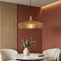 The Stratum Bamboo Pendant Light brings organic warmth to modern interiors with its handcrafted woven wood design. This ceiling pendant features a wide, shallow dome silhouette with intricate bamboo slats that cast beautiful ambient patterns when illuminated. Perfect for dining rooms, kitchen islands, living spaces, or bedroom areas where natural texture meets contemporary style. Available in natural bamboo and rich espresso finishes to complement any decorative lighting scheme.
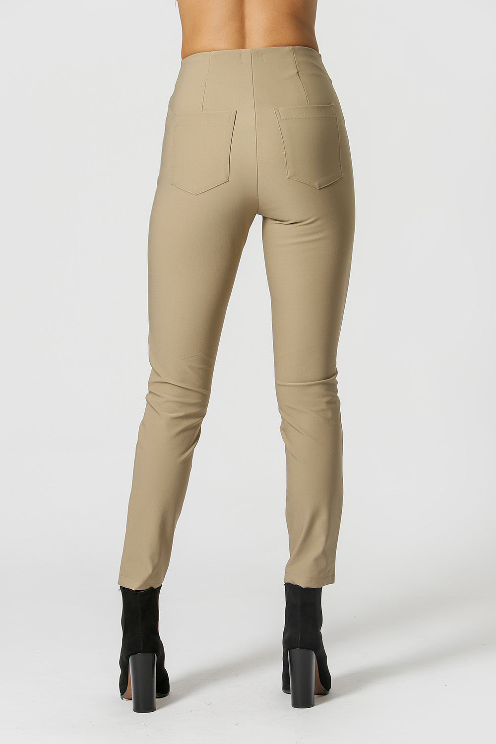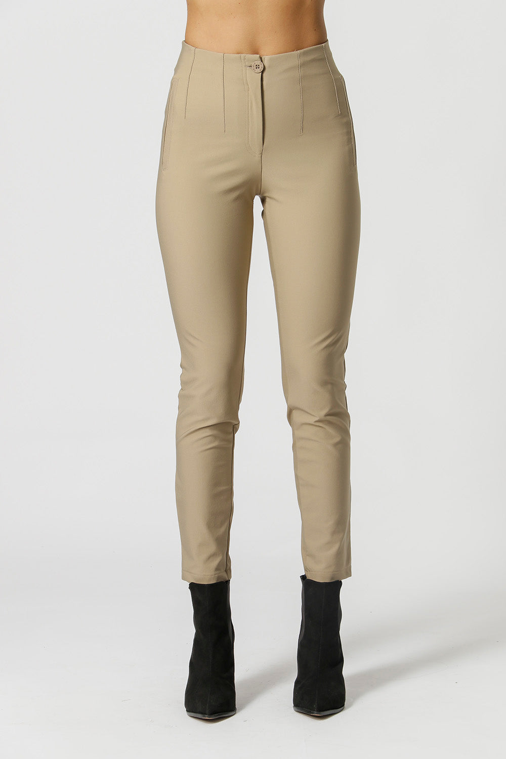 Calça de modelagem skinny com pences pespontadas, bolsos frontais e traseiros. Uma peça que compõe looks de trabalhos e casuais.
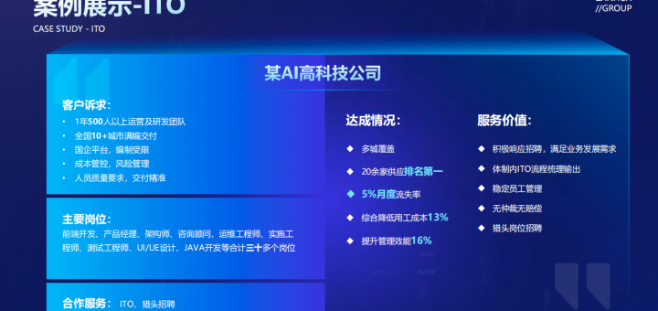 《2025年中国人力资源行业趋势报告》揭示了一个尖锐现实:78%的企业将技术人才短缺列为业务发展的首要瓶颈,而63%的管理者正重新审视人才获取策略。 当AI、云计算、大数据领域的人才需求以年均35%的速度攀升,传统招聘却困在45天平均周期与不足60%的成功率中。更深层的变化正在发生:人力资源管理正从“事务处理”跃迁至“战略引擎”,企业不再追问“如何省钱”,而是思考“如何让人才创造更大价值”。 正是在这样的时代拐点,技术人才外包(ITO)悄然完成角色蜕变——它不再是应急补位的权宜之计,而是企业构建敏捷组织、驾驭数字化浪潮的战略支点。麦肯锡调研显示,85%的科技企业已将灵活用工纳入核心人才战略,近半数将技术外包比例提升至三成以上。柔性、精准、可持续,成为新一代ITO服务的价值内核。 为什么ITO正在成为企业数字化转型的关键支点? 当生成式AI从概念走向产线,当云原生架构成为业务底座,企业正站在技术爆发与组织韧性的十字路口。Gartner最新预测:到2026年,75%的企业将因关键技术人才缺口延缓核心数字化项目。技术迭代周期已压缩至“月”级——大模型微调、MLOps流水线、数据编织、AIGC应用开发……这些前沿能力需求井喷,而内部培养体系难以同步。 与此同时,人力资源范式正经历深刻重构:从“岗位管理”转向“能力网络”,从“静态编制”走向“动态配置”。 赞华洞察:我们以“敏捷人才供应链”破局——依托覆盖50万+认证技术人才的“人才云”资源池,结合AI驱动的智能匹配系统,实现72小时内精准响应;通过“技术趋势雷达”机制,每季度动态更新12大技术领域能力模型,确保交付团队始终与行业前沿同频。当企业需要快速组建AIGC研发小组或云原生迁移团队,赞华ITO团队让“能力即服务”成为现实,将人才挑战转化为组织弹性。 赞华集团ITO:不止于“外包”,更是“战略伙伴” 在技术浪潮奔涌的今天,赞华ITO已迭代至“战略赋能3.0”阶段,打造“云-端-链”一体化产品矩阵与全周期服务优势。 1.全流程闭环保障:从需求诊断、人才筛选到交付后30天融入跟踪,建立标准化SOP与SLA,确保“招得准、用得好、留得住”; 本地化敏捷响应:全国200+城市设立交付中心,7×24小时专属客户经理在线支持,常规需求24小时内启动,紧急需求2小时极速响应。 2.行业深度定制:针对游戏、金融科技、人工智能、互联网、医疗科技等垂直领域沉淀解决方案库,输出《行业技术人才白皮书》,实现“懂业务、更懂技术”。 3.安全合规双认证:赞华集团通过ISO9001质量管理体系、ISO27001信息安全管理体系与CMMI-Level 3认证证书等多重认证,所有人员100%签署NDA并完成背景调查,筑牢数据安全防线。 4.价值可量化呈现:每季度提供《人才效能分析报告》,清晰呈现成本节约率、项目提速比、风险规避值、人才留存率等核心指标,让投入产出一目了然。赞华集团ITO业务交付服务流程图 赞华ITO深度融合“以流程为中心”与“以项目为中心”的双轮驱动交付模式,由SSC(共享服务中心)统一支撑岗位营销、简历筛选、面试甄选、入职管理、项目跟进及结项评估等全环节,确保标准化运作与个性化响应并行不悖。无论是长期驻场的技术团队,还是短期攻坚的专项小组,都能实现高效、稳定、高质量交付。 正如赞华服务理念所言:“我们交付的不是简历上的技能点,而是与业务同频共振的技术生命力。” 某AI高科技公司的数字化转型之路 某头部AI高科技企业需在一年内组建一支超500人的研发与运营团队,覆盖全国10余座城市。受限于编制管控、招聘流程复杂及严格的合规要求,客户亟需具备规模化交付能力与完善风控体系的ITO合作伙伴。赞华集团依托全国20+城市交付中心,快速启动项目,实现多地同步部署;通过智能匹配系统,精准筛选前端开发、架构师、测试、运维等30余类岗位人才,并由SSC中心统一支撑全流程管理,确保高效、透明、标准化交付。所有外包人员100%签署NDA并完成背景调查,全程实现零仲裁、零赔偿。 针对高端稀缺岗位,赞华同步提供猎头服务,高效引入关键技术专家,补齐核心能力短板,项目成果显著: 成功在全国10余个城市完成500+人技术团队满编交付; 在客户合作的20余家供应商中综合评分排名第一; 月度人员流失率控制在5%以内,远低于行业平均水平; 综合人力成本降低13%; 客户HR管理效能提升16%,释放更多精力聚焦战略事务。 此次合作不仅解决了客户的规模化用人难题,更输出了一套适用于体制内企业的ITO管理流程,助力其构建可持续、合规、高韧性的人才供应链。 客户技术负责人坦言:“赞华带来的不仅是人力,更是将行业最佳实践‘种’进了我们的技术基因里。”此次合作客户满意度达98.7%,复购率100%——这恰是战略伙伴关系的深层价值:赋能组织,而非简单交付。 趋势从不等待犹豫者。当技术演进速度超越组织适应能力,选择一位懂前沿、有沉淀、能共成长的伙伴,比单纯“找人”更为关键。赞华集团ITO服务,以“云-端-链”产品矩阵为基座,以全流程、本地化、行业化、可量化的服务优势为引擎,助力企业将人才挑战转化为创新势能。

::::::

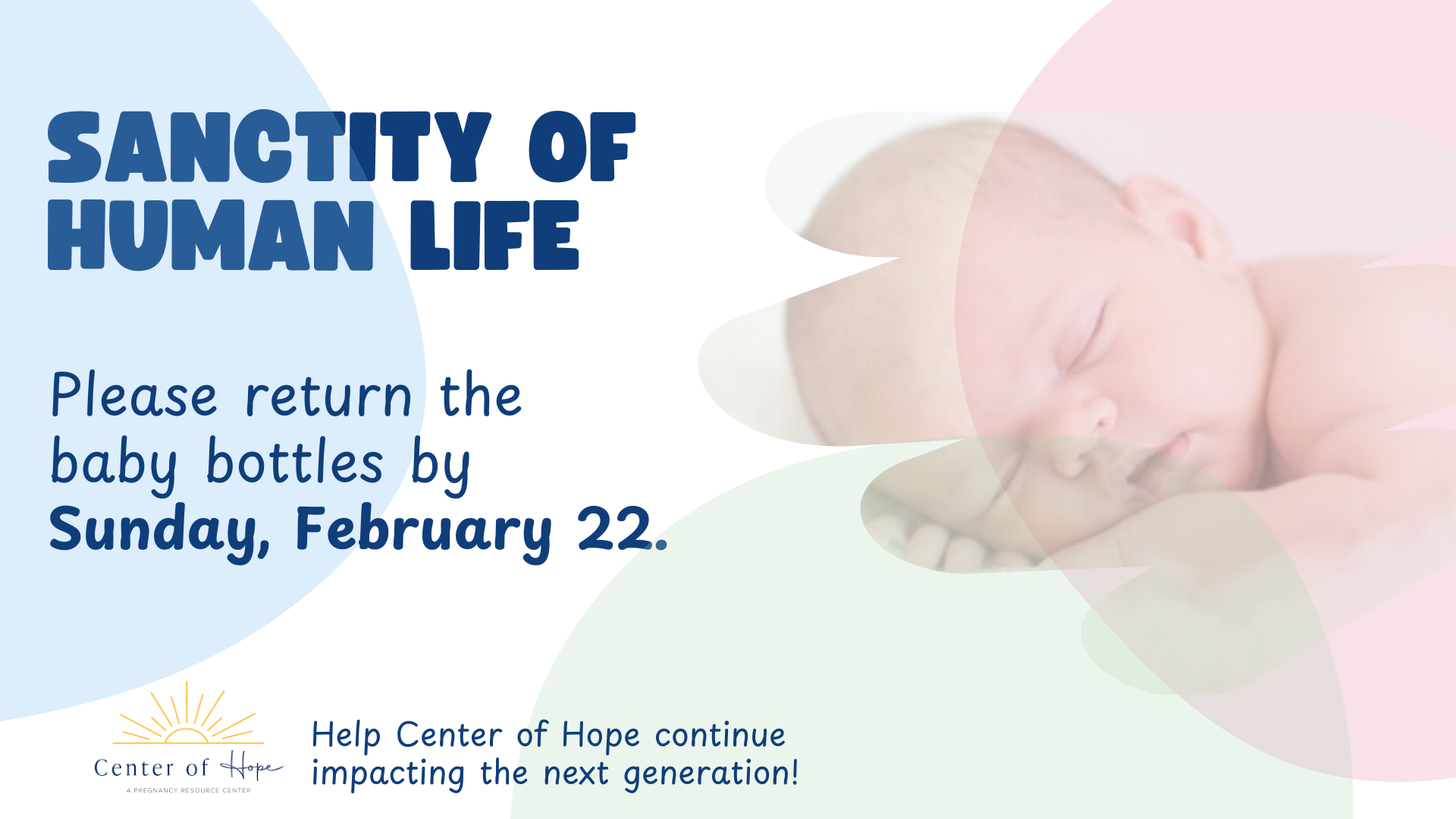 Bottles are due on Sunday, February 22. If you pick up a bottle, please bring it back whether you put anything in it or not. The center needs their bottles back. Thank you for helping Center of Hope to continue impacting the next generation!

::::::

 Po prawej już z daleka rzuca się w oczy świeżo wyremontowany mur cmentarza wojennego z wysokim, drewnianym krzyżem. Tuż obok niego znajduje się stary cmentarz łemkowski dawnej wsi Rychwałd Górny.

::::::

▶ TASK DIRECTIONS
Beginning with the line that contains "The Stratum Bamboo" and ending with the line that contains "Calça de modelagem", reproduce the listing exactly, pictures excluded.

▶ EXERCISE RESULT
 The Stratum Bamboo Pendant Light brings organic warmth to modern interiors with its handcrafted woven wood design. This ceiling pendant features a wide, shallow dome silhouette with intricate bamboo slats that cast beautiful ambient patterns when illuminated. Perfect for dining rooms, kitchen islands, living spaces, or bedroom areas where natural texture meets contemporary style. Available in natural bamboo and rich espresso finishes to complement any decorative lighting scheme.
 Calça de modelagem skinny com pences pespontadas, bolsos frontais e traseiros. Uma peça que compõe looks de trabalhos e casuais.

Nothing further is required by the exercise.